13.5 Third-parties content. Certain content, components or features of the Service may include materials from third parties and/or hyperlinks to other web sites, resources or content. Because Imou may have no control over such third party sites and/or materials, you acknowledge and agree that Dahua is not responsible for the availability of such sites or resources, and does not endorse or warrant the accuracy of any such sites or resources, and shall in no way be liable or responsible for any content, advertising, products or materials on or available from such sites or resources. You further acknowledge and agree that Dahua shall not be responsible or liable in any way for any damages you incur or allege to have incurred, either directly or indirectly, as a result of your use and/or reliance upon any such Content, advertising, products or materials on or available from such sites or resources.
13.6 No agency relationship. No joint venture, partnership, employment, or agency relationship exists between Developer and Imou as a result of this Agreement or from Developer’s use of any of the Services.
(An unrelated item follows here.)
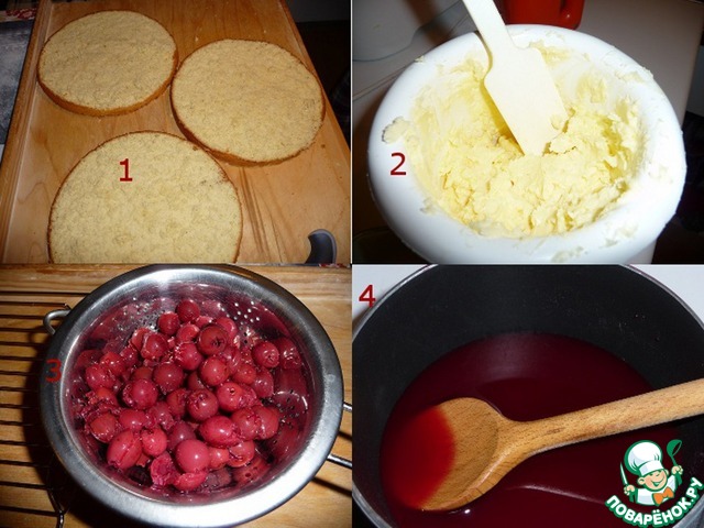 Через 8 часов можно приступить к формированию торта. Бисквит разрезать на 3 части фото 1, взбить масло со сгущенкой в крем, (при взбивании сгущенное молоко вводить частями-постоянно взбивая) фото 2. Вишню поместить в друшлаг, для удаления сока фото 3. В сок от вишни добавить крахмал, поставить на небольшой огонь, при непрерывном помешивании довести до густоты, но не кипятить фото 4 (вишневый сироп), остудить (при желании можно добавить сахар).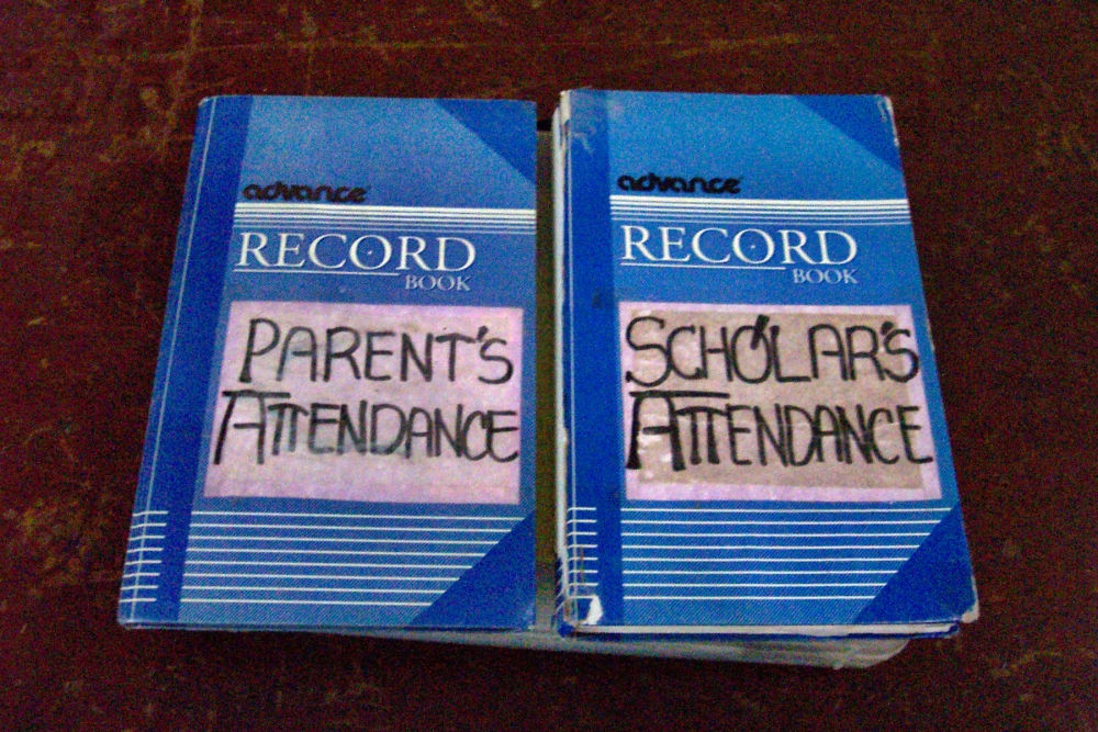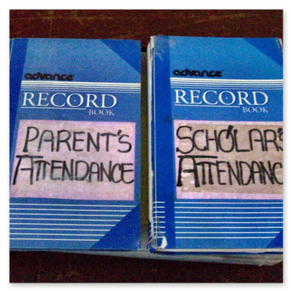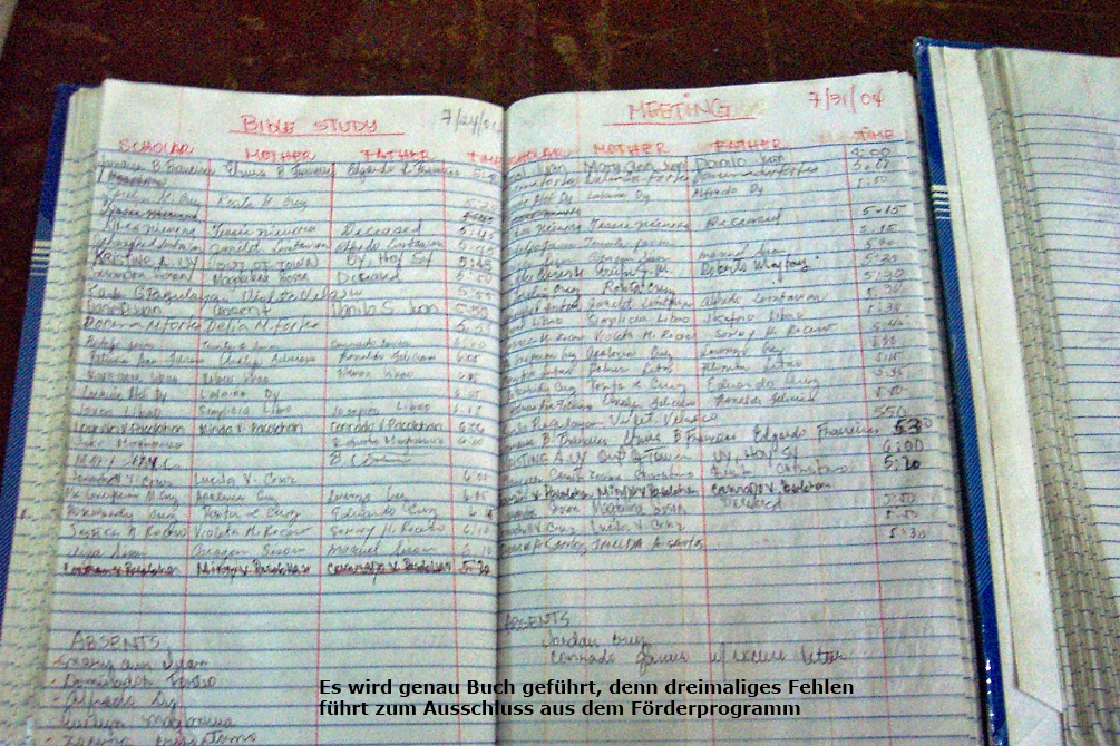 Bei den sonntäglichen Treffen tragen sich Eltern und Scholars in das Anwesenheitsbuch ein.Dreimaliges unentschuldigtes Fehlen bedeutet Ausschluss aus dem Förderprogramm.

13.7 Electronic Communications. When you access or use the Services or send e-mails to us, you are communicating with us electronically. By doing so, you consent to receive communications from us electronically. We will communicate with you by e-mail or by posting notices on our Services or Imou website.
13.8 Export Control. Use of our Services, including transferring, posting, or uploading data, software or other content via the Service, may be subject to the export and import laws of the United States and other countries. You agree to comply with all applicable export and import laws and regulations. In particular, but without limitation, our Services or part of them, may not be exported or re-exported (a) into any U.S. embargoed countries or (b) to anyone on the U.S. Treasury Department’s list of Specially Designated Nationals or the U.S. Department of Commerce Denied Person’s List or Entity List. By using our Services, you represent and warrant that you are not located in any such country or on any such list. You also agree that you will not use the Services for any purposes prohibited by any applicable law, including, without limitation, the development, design, manufacture or production of missiles, nuclear, chemical or biological weapons. You further agree not to upload to any data or software that is: (a) subject to International Traffic in Arms Regulations; or (b) that cannot be exported without prior written government authorization, including, but not limited to, certain types of encryption software and source code, without first obtaining that authorization. This assurance and commitment shall survive termination of this Agreement.